US officials believe that Pakistan's Inter-Services Intelligence directorate (ISI) still supports the Taliban despite recent signals that the spy agency had started cracking down on the Islamist group, says the Washington Post.
The recent capture of the Afghan Taliban's second in command Mullah Abdul Ghani Baradar seemed to signal a turning point in Pakistan. But US officials now think that even as Pakistan's security forces worked with their American counterparts to capture Baradar and other insurgents, ISI, quietly freed at least two senior Afghan Taliban figures it had captured on its own, the influential US daily reported on Sunday.
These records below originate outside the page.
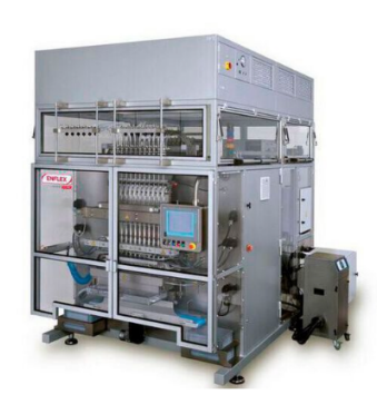
Volpak's new Enflex PHS Series comes in different models depending on production needs.

Volpak has introduced its latest solution the Enflex PHS Series for the pharma and healthcare industry. Focused on flexible packaging, the stick pack solution is a unit dosage format which proves ideal to contain and deliver liquid health products for oral and topical use.
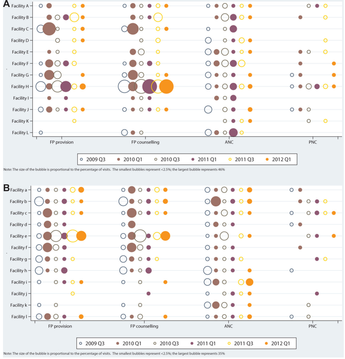
Figure 3 Proportion of RH visits in which an HIV/STI service was also received, by facility, RH service and round for HIV-PNC integration model (A) and HIV-FP model (B). ANC, antenatal care; FP, family planning; PNC, postnatal care; RH, reproductive health; STI, sexually transmitted infection.

continued funding and prioritisation as with PMTCT which has attracted substantial and sustained funding from large donors as part of the fight against HIV transmission to children. For routine testing in FP services, the supply of HIV testing kits, without which providers are unable to provide testing services and are less likely to offer HIV counselling, is also important. Related qualitative work also highlights the importance of providers. Provider commitment was challenged by staffing shortages, rotations and turnovers and increased workload. The importance of supervisory support, teamwork, staff being able to make flexible decisions and good communications between providers and across clinics within facilities—in the delivery of integrated care—has been observed in related publications.
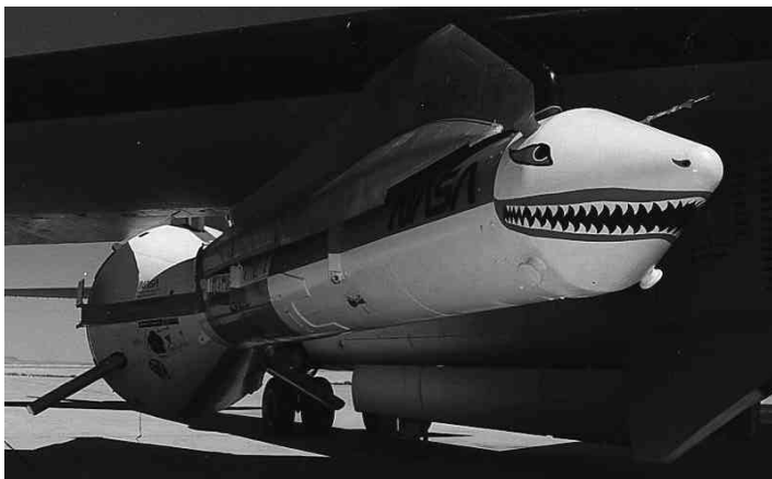
Simulated (smaller) version of the shuttle's solid rocket booster under the wing of the B-52.

The tests, using a dummy solid rocket booster, verified the performance and reliability of the parachute recovery system used now to recover the solid rocket booster casings after they separate from the shuttles' external fuel tank during launch operations. The booster casings are refurbished for reuse after they are retrieved from the ocean.
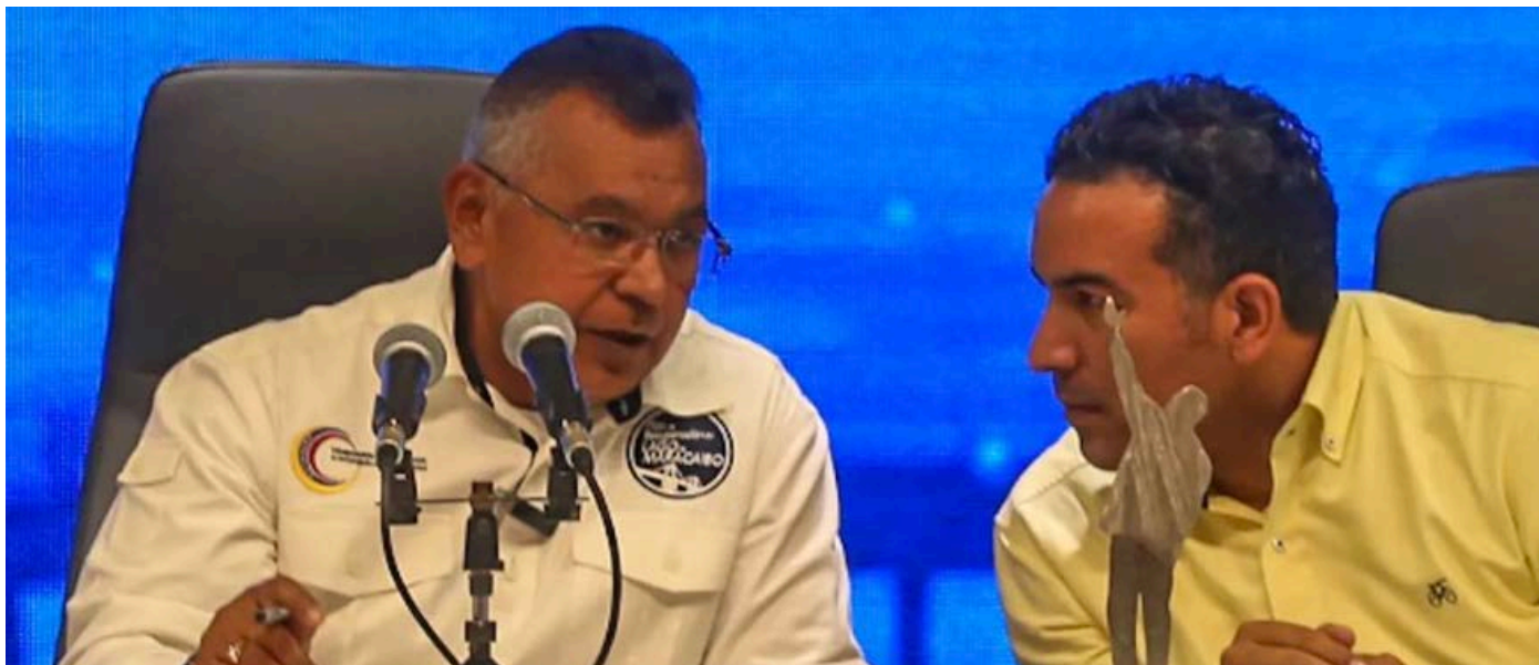
Iclam to become the Presidential Commission's operations center

T he 1st Technical-Scientific-Popular Meeting for the Rescue, Conservation and Sustainable Development of the Lake was held in Maracaibo on August 2 and 3. The activity was presided over by the Vice-President of the Public Works and Services Sector, G/J Néstor Reverol, accompanied by the Presidential Commission in charge of the recovery and sanitation of the lake.
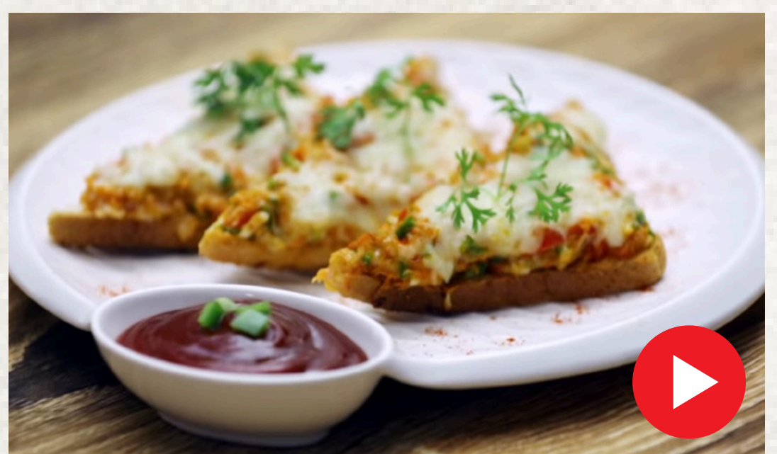
Chilli Cheese Toast
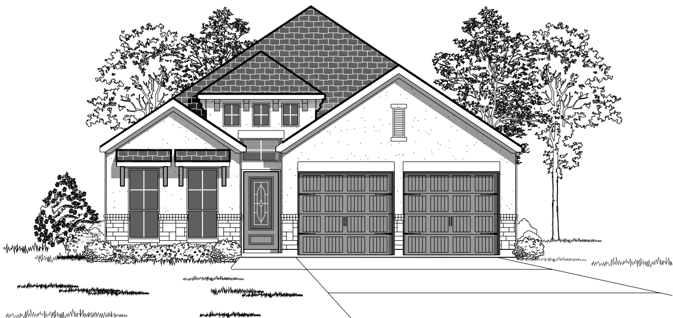
Design 2026W E-70

This design, as originally designed and prior to any changes you make, is estimated to yield approximately the number of square feet shown on page 1. All dimensions are approximate. Square footage may vary based on as-built dimensions, configurations, plan options and/or the method of calculation. Designs are not-to-scale, and are conceptual illustrations that may differ from construction plans or completed improvements. A design may depict features not available on all homesites or in all communities. Perry Homes reserves the right to make changes in plans and specifications, and to substitute material of similar quality. Prices, terms, promotions, plans, dimensions, features, options, amenities, elevations, designs, square footages, specifications, materials, and availability of homes or communities are subject to change without notice or obligation. All obligations will be governed by a written contract. This design does not constitute a commitment to build a particular floor plan or home in any given community. Some floor plans, options, and/or elevations may not be available on certain homesites or in a particular community and may require additional charges. Please check with Perry Homes to verify current offerings in the communities you are considering. This rendering is the property of Perry Homes, LLC. Any reproduction or exhibition is strictly prohibited.
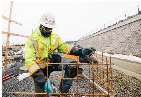
Local infrastructure resources
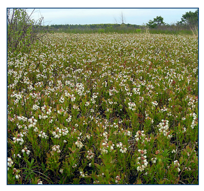
Wild blueberries in bloom.
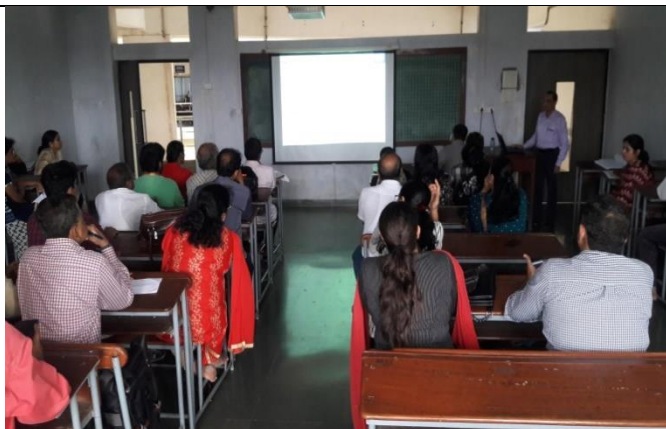
Parent Proctor Meeting
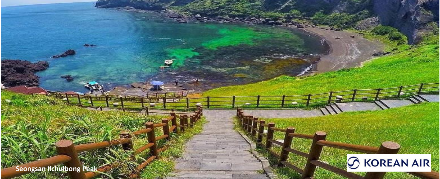
Seongsan Ilchulbong Peak

The Post cited unnamed US military and intelligence officials as saying the releases, detected by American spy agencies but not publicly disclosed, are evidence that parts of Pakistan's security establishment continue to support the Afghan Taliban - something that India has always maintained.
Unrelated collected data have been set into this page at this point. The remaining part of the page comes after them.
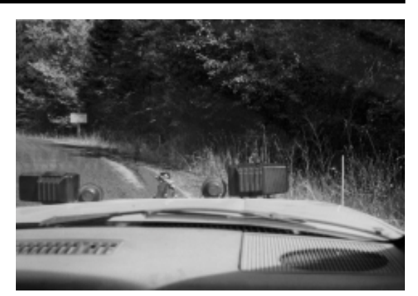
Figure 7. Marker on right-hand-side of rock rake as viewed from cab of vehicle.

Effective use of the rake requires the enhanced traction and power offered by a 4-wheel-drive vehicle. One test Forest used a 2-wheel-drive vehicle instead of the recommended 4-wheel-drive vehicle and was unable to rake in the uphill direction on a
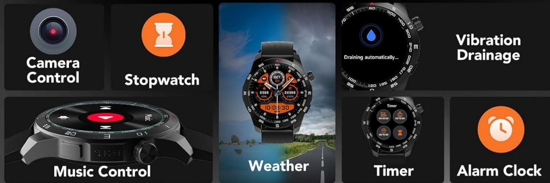
Image: The SKG Smart Watch GT5 showcasing its additional tools, including camera control, stopwatch, weather display, music control, timer, alarm clock, and vibration drainage.
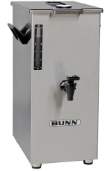
TD4T, BREW THRU LID NO DECAL NUDGER HDL
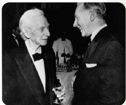
Joseph Rotblat (right) with Bertrand Russell

Pugwash was born on 9 July 1955 when Bertrand Russell released the Russell-Einstein Manifesto, calling on world leaders to "learn to think in a new way". Joseph Rotblat chaired the launch and convened the 1957 conference in Pugwash, Nova Scotia that set up the British Advisory Committee for Pugwash. British Pugwash was formed in 1963, with Sir Neville Mott as the first Chair. Other scientists, including Cecil Powell, Rudolf Peierls and Dorothy Hodgkin, have guided British Pugwash over the years.
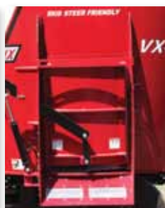
Rotatable tub set for left hand discharge with magnet.
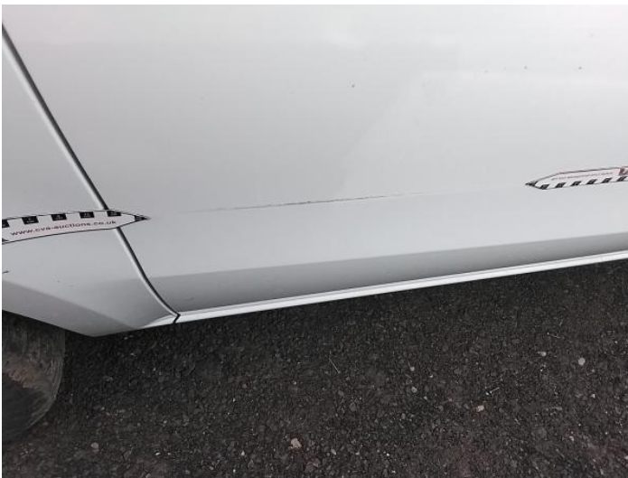
11: Qtr Panel osr Scratched Over 25mm Not Thru Paint
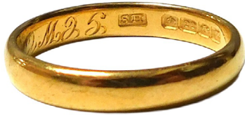
A 22ct gold plain wedding band. SOLD for £300

The officials, it said, declined to identify the Taliban figures who were released citing the secrecy surrounding US monitoring of the ISI, but said the freed captives were high-ranking Taliban members the US would want in custody.
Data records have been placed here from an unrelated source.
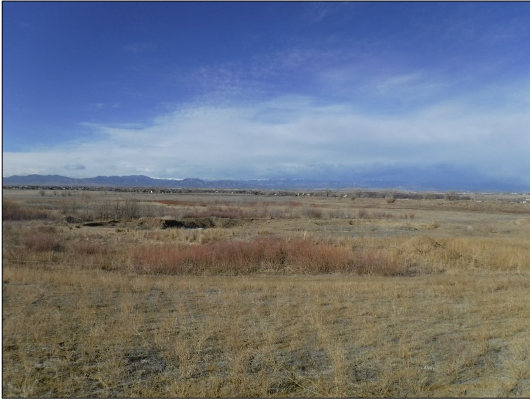
Photo 5: Looking west across permit area, note disturbed areas were done prior to issuance of permit.
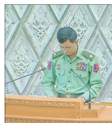
Brig-Gen Khin Maung Aye.

ister then elaborated on the ongoing National Education Sector Plan, calling on the parliament to put the proposal on record so there can be development in the education sector following the establishment of peace in all regions. A majority of the Amyotha Hluttaw decided not to approve the proposal. —Myanmar News Agency
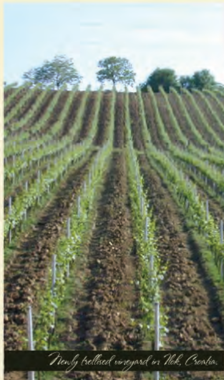
Newly trellised vineyard in Plak, Croatia.
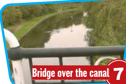
7 Bridge over the canal
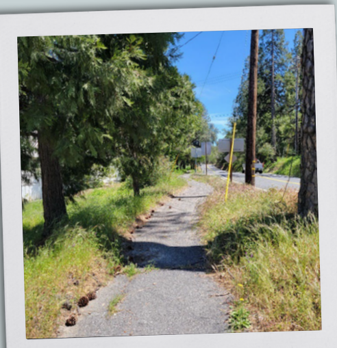
State Route 120 - Existing pathway alignment
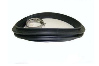
≥ RO 450 (EPDM)
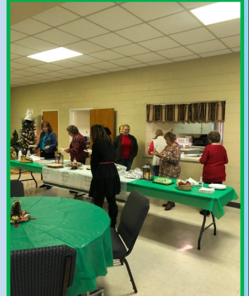
The Preschool Staff enjoyed a Christmas Breakfast On December 15th.
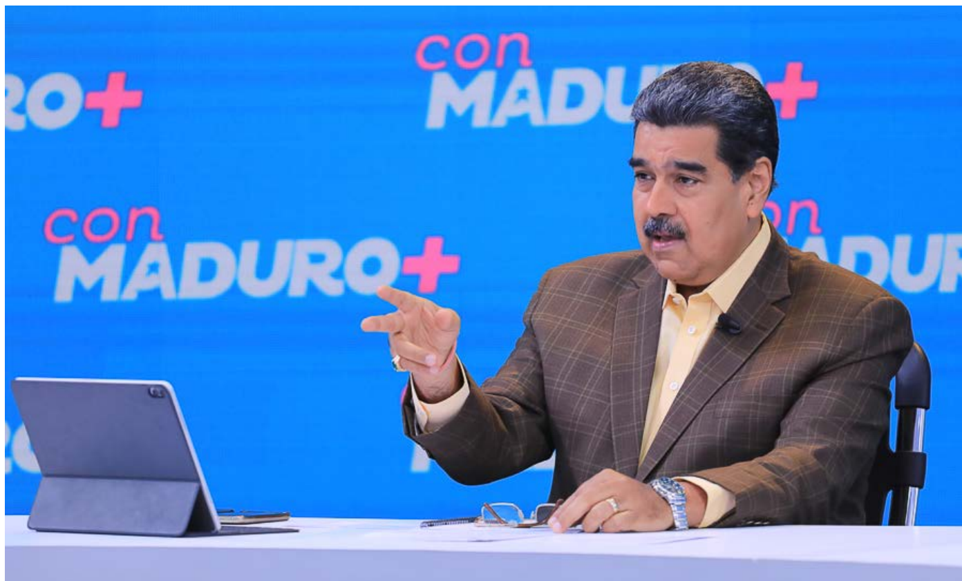
Bolivarian Government faces uphill battle against illegal mining

T he President of the Bolivarian Republic of Venezuela, Nicolás Maduro, expressed his support for the revitalization of an agenda to preserve the Amazon, while highlighting the role of the Amazon Summit in Belém, Brazil, which will take place next August 8 and 9.

US officials, the Post said, think that "Pakistan continues to pursue a hedging strategy in seeking to maintain relationships with an array of entities - including the US and Afghan governments, as well as insurgent networks - struggling to shape the outcome in Afghanistan, even as it aggressively battles the Pakistani branch of the Taliban."
The ISI wants "to be able to resort to the hard-power option of supporting groups that can take Kabul" if the US suddenly leaves, a US military adviser was cited as saying.
Pakistani intelligence officials told the Post in Islamabad the ISI was committed to dismantling insurgent groups and denied that any Taliban operatives had been released after being captured.
The daily said US officials concur that the collaboration between the CIA and the ISI has improved substantially, but say they see ongoing signs that some ISI operatives are providing sanctuary and other assistance to factions of the Taliban when their CIA counterparts are not around.
CIA officials, according to the Post, think that the ISI's connection to the Taliban is active. But "it's not clear how high that goes or who knows about it," a US counterterrorism official was quoted as saying. "The Pakistanis did a sharp change of policy after 9/11, and it's not certain everybody got the memo - or read it if they did."